Martin has also written for Psychology Today, The Daily Telegraph, The New York Times, The Huffington Post, and The Atlantic.

== Publications ==
Martin is the author of the following books and ebooks:
- Martin, Wednesday (1995). "Marlene Dietrich"
- Martin, Wednesday (2009). "Stepmonster: A New Look at Why Real Stepmothers Think, Feel and Act the Way We Do"
- Martin, Wednesday (2015). "Primates of Park Avenue: a memoir"
- Martin, Wednesday (2018). "Untrue: Why Nearly Everything We Believe About Women, Lust, and Infidelity is Wrong and How the New Science Can Set Us Free"
- Martin, Wednesday (2018). "Boyfriends of Dorothy"
- Martin, Wednesday (2018). "The Button"

==Reception==
In May 2013, several articles were published about the practice of hiring disabled guides to avoid lines at Disney World, which Martin uncovered during her research for Primates of Park Avenue. On May 16, 2015, The New York Times published an essay by Martin in the Sunday Review section, titled "Poor Little Rich Women", prior to the publication of her book Primates of Park Avenue. The article received coverage from numerous media outlets, in particular the concept of financial rewards called "wife bonuses", which Martin reported some Upper East Side wives receive from their husbands for superior domestic performance. The New York Times characterized Martin's description of wife bonuses as "disputed".

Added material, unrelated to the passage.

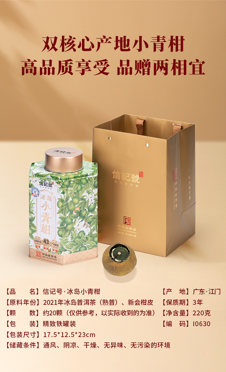 八马茶业 | 信记号·冰岛小青柑2024年新会柑&2021年冰岛熟普220g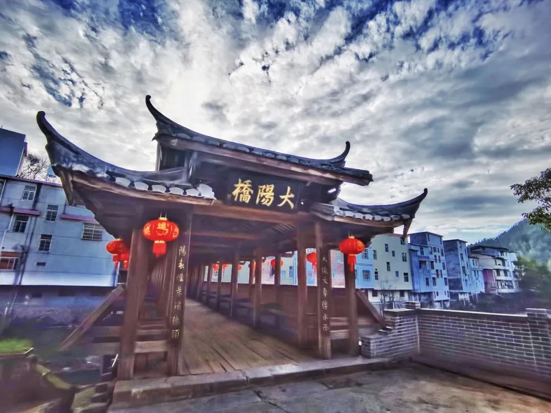 紧接着,壮观的太阳桥映入眼帘,太阳桥依山傍水,设计风格独特,雄伟的廊桥构思高明,精湛的技能令人钦佩,它不但壮丽而且牢固,体现了古人的智慧。随着时光穿越连石头都会风化,木材还没腐朽,证明了古人对防水防漏做得天衣无缝。廊桥不仅是通行也是累了歇息和夏天纳凉的好地方,廊桥两旁全是木凳子,至今还能成为河两岸人们安全来往的纽带,给大家带来诸多的便捷。全部的接头都是镶嵌而成,形成了一个整体的廊桥,所以经得起岁月的洗礼,至今它依然坚韧不拔地屹立在两岸之间。

In 2015, the New York Post claimed to have found multiple factual discrepancies with Martin's memoir Primates of Park Avenue. In response, Simon & Schuster promised to add a note by Martin to subsequent editions of the book, clarifying that some chronologies and details were changed.

== Personal life ==
Martin is married to Joel Moser, a lawyer, financier, chief executive officer, and adjunct professor at Columbia University, with whom she has two sons, one born in 2001 and the other in 2007. She has two step-daughters, children of Moser's first marriage.